Higher Education in Developing Countries

I volunteered in Kampala in the summer of 2006, and to save money stayed in the mostly empty student halls at Makerere University. I thought I would drop in at the library, and was pretty shocked to find almost no books that looked like they had been published since 1980.

Are universities good candidates for foreign aid? Blattman thinks so;
Universities will train the next generation of Presidents, bureaucrats, generals and business leaders. 
You want industry? Institutions? Accountability? Technological diffusion? Peace? Time for donors to rethink education spending policies in a big way.
Those are some pretty big claims. In a different context, Clemens argues that actually we are lacking solid evidence on the social benefits from higher education;
A broad theoretical literature posits that human capital externalities shape the development of poor countries (for example, Romer, 1990; Kremer, 1993; Lucas, 1988). If positive human capital externalities are real and large, it is possible that the depletion of human capital stock via emigration inflicts negative externalities on nonmigrants. However, these externalities have proven difficult to observe, their theoretical basis remains unclear, and their use to justify policy remains shaky.
I feel that higher education is probably a high risk high reward investment for the public sector. Most graduates probably won't produce large social benefits, but the few that do could well justify the expense. And this pattern of high impact outliers make this a difficult cost-benefit calculation to do.

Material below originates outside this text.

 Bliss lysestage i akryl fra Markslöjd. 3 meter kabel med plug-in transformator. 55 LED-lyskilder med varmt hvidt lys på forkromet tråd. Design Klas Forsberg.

But will more investment work?

Devarajan points the finger at systems rather than funds;
As my co-authors and I try to show in our paper, the problem is caused at least as much by the presumption that higher education should be financed and provided by the government (essentially free of charge), which has led to elite capture and politicization of the system.
Which is similar to where Pritchett is going when he wonders;
The US and UK together have only 5.4 percent of the world’s population and yet have over half the world’s top universities—ten times their population share—and almost three times as many top universities as all of continental Europe combined.  Why?
So there is probably scope for some technical assistance in thinking about the higher ed ecosystem in developing countries.

But should we provide direct subsidies? How do we trade off investment in primary education, which is probably more directly and immediately pro-poor, vs the long-term speculative investment in higher education?

Meanwhile, students at Makerere have been booted out of halls whilst lecturers are on strike.

5 comments:

Udadisi said...

Are there some successful examples of models or universities in Africa besides Ashesi University in Ghana? 

Christina Feng said...

I am up for primary education. With limited fund, which is always true, we have to prioritize the options, and primary education is more fundamental. High education requires a lot investment that most LDGs don't have: fund, faculty, technology, libraries… Besides, higher education should also matches the pace of economic development, otherwise it will only create well-educated young people without a decent job.